Finding Support from Women Entrepreneurs

 

Sometimes, I don’t exactly know what I think until I read what I’ve said or written in someone else’s media.  Such is the case with this interview with TheNextWomen, the London-based media startup that bills itself as the “business magazine for female Internet heroes.”

The site describes itself as. . .

the first Women’s Internet Business Magazine, with a focus on startups and growing businesses, led, founded or invested in by women. We bring news on business, events, funding and tech from a female angle and interview and profile Female Business Heroes, make them notable and quotable.

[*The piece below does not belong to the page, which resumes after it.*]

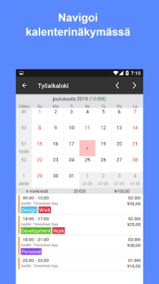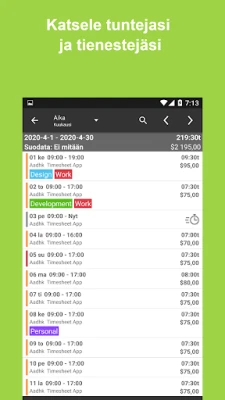 Timesheet: Kellokortti Työajat on helppo sovellus työajan seurantaan ja lokiin. Se sopii freelancereille, urakoitsijoille ja tuntityöntekijöille, auttaen tuntien ja ansioiden automaattisessa laskennassa. Hallitse työaikasi ja laskuta asiakkaita vaivattomasti useiden projektien osalta.
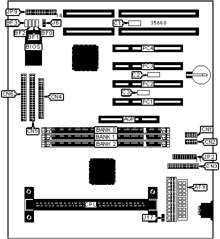 32-bit PCI slots (4), floppy drive interface, green PC connector, IDE interfaces (2), parallel port, PS/2 mouse interface, serial ports (2), IR connector, USB connectors (2), ATX power connector, AGP slot |

We are the female Business Week, the female Techcrunch and the business Red.

We [are] compiling a database on female founders, CxO’s and VC’s of internet companies.

Among the site’s heroes (thank, you, God, that they haven’t reclaimed that horrific feminist label “sheroes”) are women as diverse as Esther Dyson, Catherine Fake, Arianna Huffington, and Queen Elizabeth.

But enough about them. . . this was an interview with me.  Site founder Simone Brummelhuis’s questions were wide ranging, but the one that jumped out, asked what European women entrepreneurs can learn from their U.S. counterparts.

My simple-to-say-but-apparently-complex-to-do answer:

There are still far too few women who take the path of technology entrepreneur. No doubt there are many subtle and obvious reasons for that path.

I think at base, though, the best thing women entrepreneurs can do for each other is to challenge them to perform at exceptionally high standards, to create businesses with meaning and impact.

If women drive women to be the best entrepreneurs they can be, supporting their unique talents and limitations, then I do think we’ll see more women choose the path of startup CEO.

The fact is that women entrepreneurs do support other women entrepreneurs.  And we need to because frankly we often don’t get the kind of support we need from women who are outside the startup world and don’t understand the life choices that entrepreneurship requires.

Building a business is hard work (for women and men) and there is really no “balancing” of work and personal life in the earliest days of a company.  We need strong support systems: of other entrepreneurs, of family members, of our friends, and of communities both inside and outside the startup world.

Which reminds me: Thank you, Nancy, Mom, and all those friends I don’t see often enough.  You all, as much as my colleagues inside the company, allow me to do what I do.